The truth is that money and power will always win and they expand their control every day.

A bitter pill to swallow.

There is a voice in my head that never stops asking me what the hell I am doing. "What is up with this job? What are you doing with your life? If the life you lead causes you pain in contrast to what you believe, then why aren't you doing anything about it?"

I am still struggling to resolve that, but I am 59 now and my comrades in arms are thinking about physician-assisted dying. Fighting for it, no doubt, as is the reputation for this generation.
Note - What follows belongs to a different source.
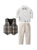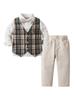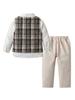 Talla 80-90-100-110-120-130-140 ropa infantil transfronteriza al por mayor ropa infantil de primavera y otoño bebé chaleco de cuadros británicos traje de tres piezas para niño
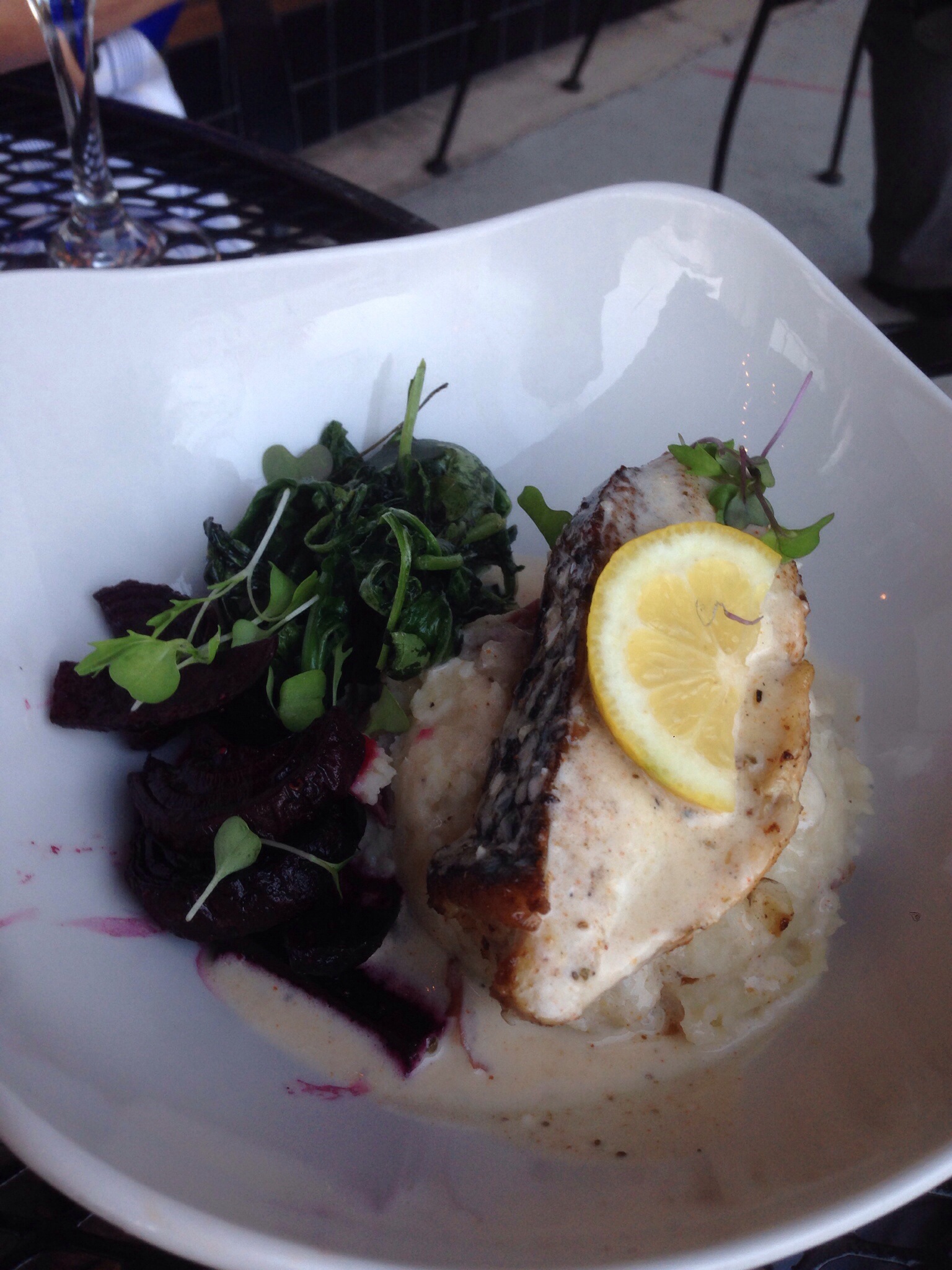 The next dish was their market fish of the day – wild stripped bass with white wine rosemary cream sauce, garlic mash, roasted beets and lemon arugula. Just a knockout of a dish – well executed and great depth of flavours. The fresh bass was cooked beautifully and paired nicely with the creaminess of both the sauce and the mash. The rosemary cream sauce had great notes of rosemary and white wine without overpowering the natural flavours of the bass. The rest of the dish mixed nicely and brought some other elements to the plate – citrus and pepper from the lemon arugula and some earthiness from the beets. Wonderful all around.

Reading those words increased the intensity of the resolve to make my life my own. I have been in overdrive recently anyway due to an alarming wake up call known as a new job. The realization that this amazing generation is now fighting on the final frontier makes the clock ticking in my ear deafening.

Truthfully I would have been more at ease had the headline said "Boomers negotiating with God to authorize reincarnation." Had that been the case, I would have immediately E-mailed God asking that I be reincarnated as one of my cats.

My life has been off the mark since the day I went to college. I have been uncomfortable with it every day since that day. As always, I have to issue a disclaimer lest I hurt my family. My personal life is rich with beauty and love and honesty; I honestly believe I am surrounded with a family that is magnificent and a family that brings me happiness whether I am with them or just thinking about them.

But my other life, the worldly life, the working life, the professional life, has been an enormous disappointment for me and a source of great pain. As I write those words it occurs to me that it takes a high threshold of pain to survive living within the narrow roles defined as acceptable within society if you have a functioning brain. Pain to rebel, pain to adapt.

I am not ready to die, physician-assisted or not. I know in my heart and in my soul that I am better than the life I have led. I can still do something with my life, even considering the severely shortened time frame remaining.

I have been identified as a baby boomer all my life, but there have been no outward signs that I lived and breathed in rebellion.

I will be damned if physician-assisted dying is the first one.